Goで実践 アクターモデル vol.3 Mailboxを理解しよう

Malboxとは

前回まではアクターを使った簡単な実装について解説しました。

一般的なWebアプリケーションで利用するHTTPのリクエストレスポンスを中心として考えるものと異なり、
情報伝達経路を中心に考えていくように感じられたかもしれません。

アクターの情報伝達には Mailbox の存在を理解しておく必要があります。
それぞれのアクターは現実世界の我々と同じようにアドレスを持ち、
他のアクターからのメッセージはMailboxに配信されます。

メッセージはPIDを指定して送信されますが、全てMailboxに格納され、
アクターは格納されたメッセージを取り出すことで、読み取ることができるようになります。

Mailboxは現実世界の郵便受けをイメージしてもらっても構いませんし、
ある程度開発に慣れている方はQueueというと伝わるかもしれません。

actorのコンポーネント図

出典:
proto.actor

前回

blog.ytake.jp.net

Mailboxの基本的な挙動

Mailboxの基本的な挙動として、
アクターシステムのメッセージとみなさんがアクターに送信するユーザーメッセージの2 つで構成されます。

システムメッセージは障害が発生した場合にMailboxの処理を一時停止したり再開するために、
アクターコンテキストによって内部的に使用されます。
システムメッセージは、アクターを管理するために内部的にも使用され、
開始、停止、再起動といった重要なメッセージを扱います。

メールボックス内のメッセージは、常にFIFO順序で配信されますが、
システムメッセージがある場合はユーザーメッセージより前に処理され利用になっています。
この点は通常のFIFOと異なりますので覚えておきましょう。

アクターのMailboxには次のルールが適用されます。

メッセージの送信は複数のアクターによって同時に実行されます。
これはmpsc、つまりmultiple producer, single consumerを表します。

メッセージの受信はアクターによって順番に行われます。
特別な挙動が必要な場合は任意の他のルールを適用することもできます。

Mailboxはアクター間で共有することはできません。

デフォルトでは無制限でメッセージをMailboxに格納できるようになっています。

Mailbox Middleware

下記のシンプルなアクターの処理をベースにMailboxを実際に触ってみましょう。

package main

import (
    "fmt"

    console "github.com/asynkron/goconsole"
    "github.com/asynkron/protoactor-go/actor"
)

type Hello struct{ Who string }
type HelloActor struct{}

func NewHelloActor() actor.Actor {
    return &HelloActor{}
}

func (state *HelloActor) Receive(context actor.Context) {
    switch msg := context.Message().(type) {
    case Hello:
        fmt.Printf("Hello %v\n", msg.Who)
    }
}

func main() {
    system := actor.NewActorSystem()
    props := actor.PropsFromProducer(NewHelloActor)
    pid := system.Root.Spawn(props)
    system.Root.Send(pid, Hello{Who: "ytake"})
    _, _ = console.ReadLine()
}

Proto ActorではMailboxに処理を挟み込みたい場合は、
下記のWithMailboxを利用して任意の処理を追加できます。

props := actor.FromProducer(
    MyActorProducer,
    actor.WithMailbox(MyMailboxProducer)
)

Mailboxにロガーを追加してみよう

それでは早速シンプルなログ出力を追加してみましょう。

Mailboxに任意の処理を挟み込む場合は、下記のMailboxMiddleware インターフェースを実装します。
最近のWebアプリケーションフレームワークでもよくあるミドルウェア的な表現がされています。

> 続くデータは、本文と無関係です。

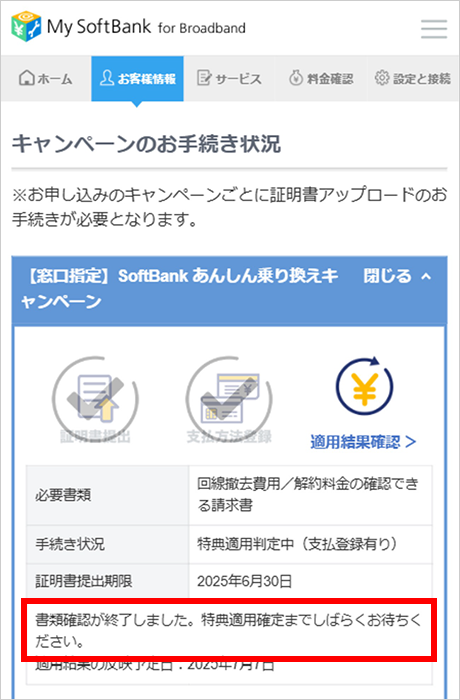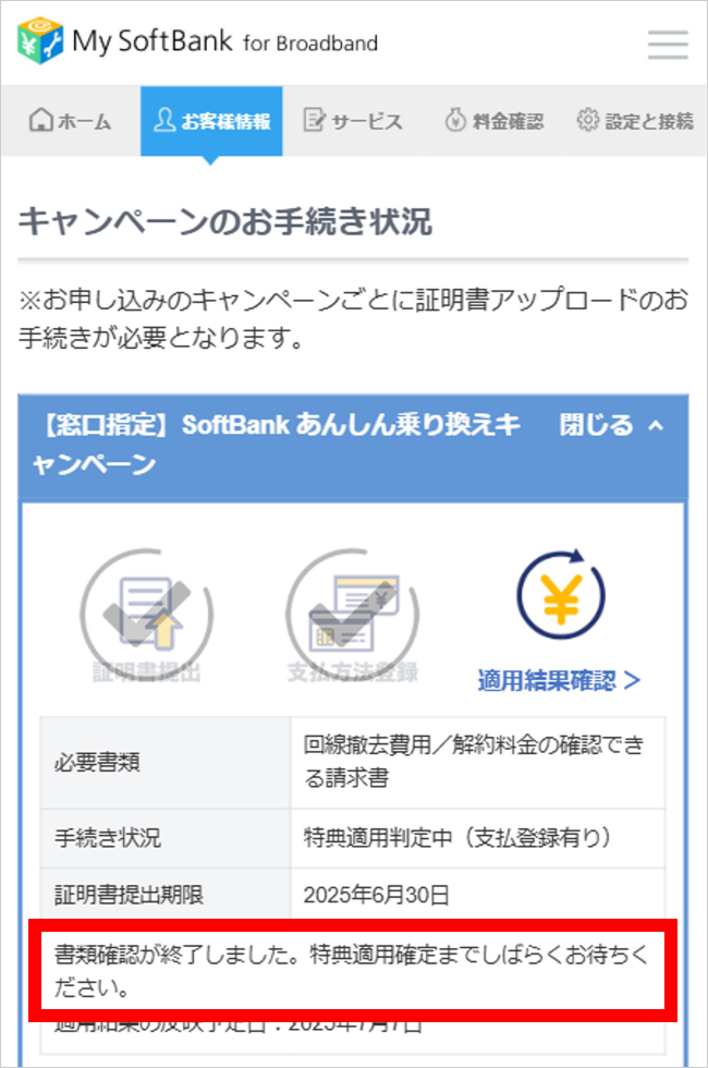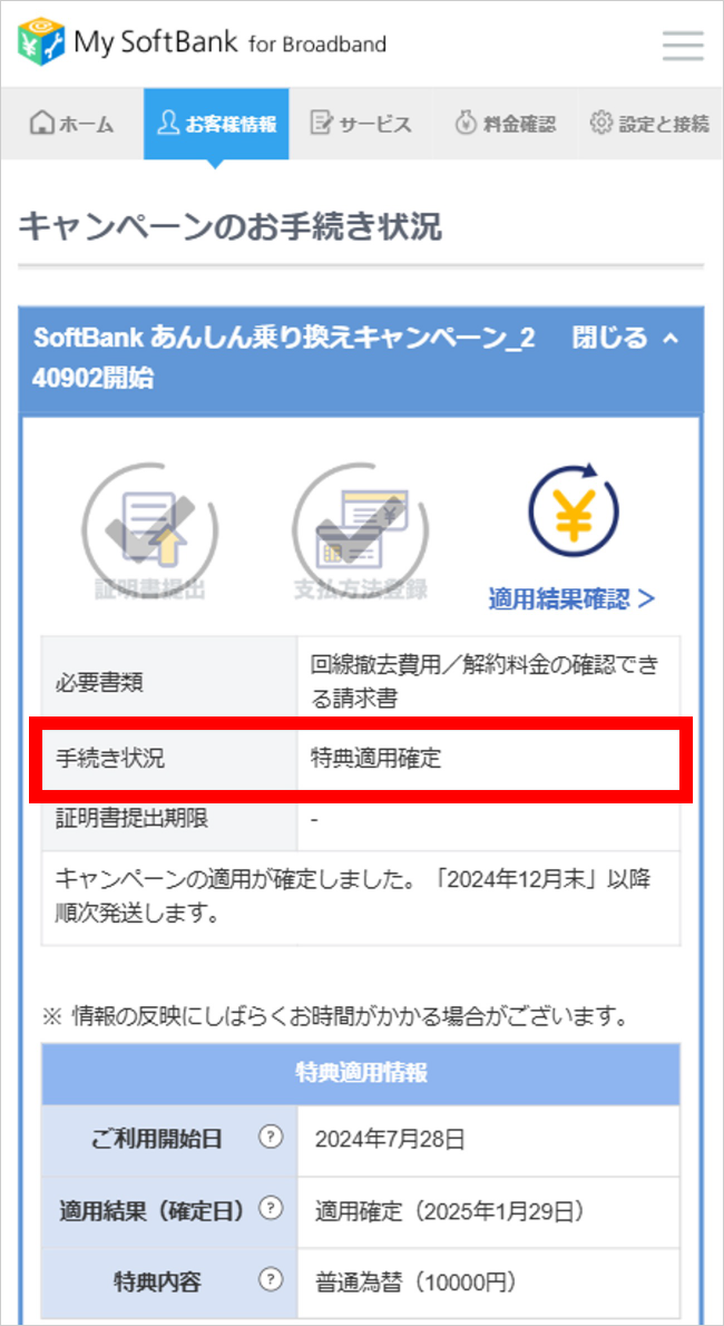 手続き状況が「特典適用確定」となっていれば、キャンペーンの適用が確定されています。

// MailboxMiddleware is an interface for intercepting messages and events in the mailbox
type MailboxMiddleware interface {
    MailboxStarted()
    MessagePosted(message interface{})
    MessageReceived(message interface{})
    MailboxEmpty()
}

MailboxStarted は Mailbox自体が起動した時にコールされるメソッドです。

MessagePosted はMailboxに対して
システムメッセージ・ユーザーメッセージが送信されるとコールされます。
コールされたあとにMailboxにpushされます。

MessageReceived はMailboxに システムメッセージ・ユーザーメッセージが到達・受け取るとコールされます。

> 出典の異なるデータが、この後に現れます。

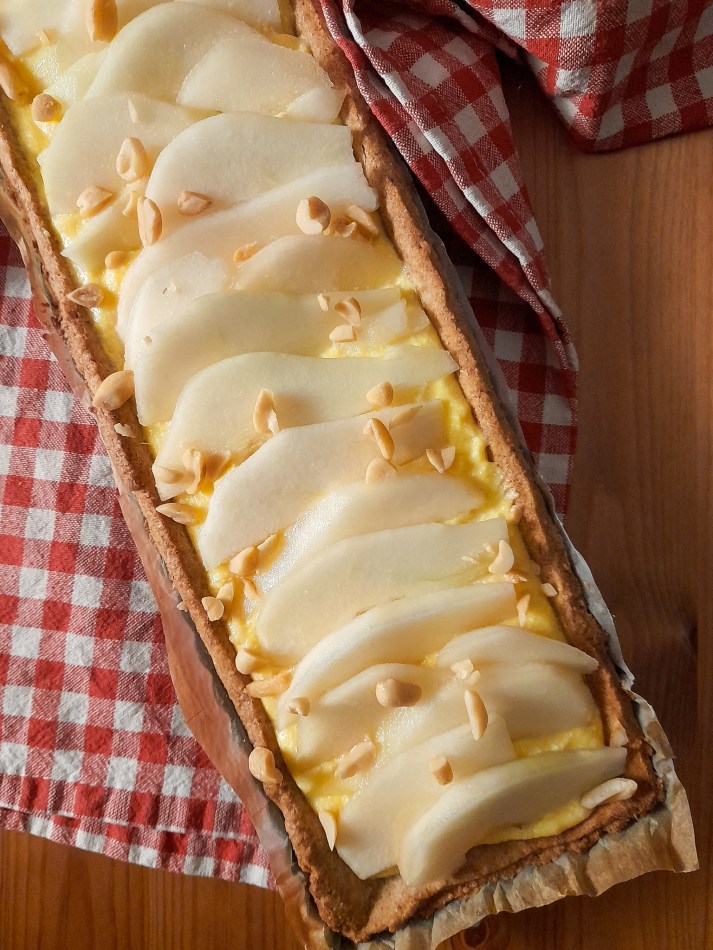 Immergere per 10/15 min le pere tagliate a spicchi nello sciroppo tiepido e tagliarle a fette solo prima di disporle sulla torta (devono rimanere sode).

MailboxEmpty はMailboxが空になるたびにコールされます。

実際にシンプルなログ出力を追加して挙動を確認してみましょう。
ここでは下記の通りに実装します。

package main

import (
    "fmt"
    "log/slog"

    console "github.com/asynkron/goconsole"
    "github.com/asynkron/protoactor-go/actor"
)

type mailboxLogger struct {
    logger *slog.Logger
}

func (m *mailboxLogger) MailboxStarted() {
    m.logger.Info("Mailbox started")
}

func (m *mailboxLogger) MessagePosted(msg interface{}) {
    m.logger.Info("Message posted", slog.String("type", fmt.Sprintf("%T", msg)), slog.Any("message", msg))
}

func (m *mailboxLogger) MessageReceived(msg interface{}) {
    m.logger.Info("Message received", slog.String("type", fmt.Sprintf("%T", msg)), slog.Any("message", msg))
}

func (m *mailboxLogger) MailboxEmpty() {
    m.logger.Info("No more messages")
}

これで実際に MessagePostedMessageReceived が受け取るメッセージについて理解することができます。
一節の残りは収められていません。